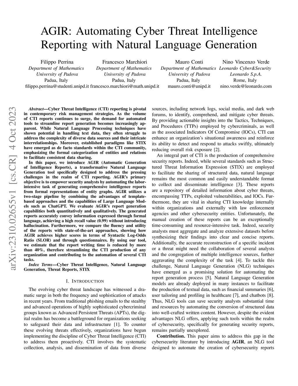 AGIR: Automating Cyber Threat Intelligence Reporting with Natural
• • • • •
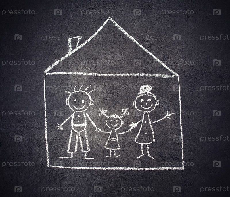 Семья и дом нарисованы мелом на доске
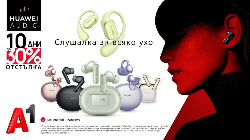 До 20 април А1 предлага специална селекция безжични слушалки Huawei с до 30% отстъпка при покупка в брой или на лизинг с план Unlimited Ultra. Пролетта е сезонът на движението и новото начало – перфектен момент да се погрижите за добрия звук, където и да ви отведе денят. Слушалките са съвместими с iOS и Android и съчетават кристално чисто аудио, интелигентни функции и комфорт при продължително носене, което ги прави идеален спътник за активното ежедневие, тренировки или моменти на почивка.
• • • • •
Assignment ::
With the pictures omitted, copy the entries above exactly from the line containing "Семья и дом нарисованы мелом на доске" through the line containing "До 20 април", both lines included.

Worked solution ::
 Семья и дом нарисованы мелом на доске
 До 20 април А1 предлага специална селекция безжични слушалки Huawei с до 30% отстъпка при покупка в брой или на лизинг с план Unlimited Ultra. Пролетта е сезонът на движението и новото начало – перфектен момент да се погрижите за добрия звук, където и да ви отведе денят. Слушалките са съвместими с iOS и Android и съчетават кристално чисто аудио, интелигентни функции и комфорт при продължително носене, което ги прави идеален спътник за активното ежедневие, тренировки или моменти на почивка.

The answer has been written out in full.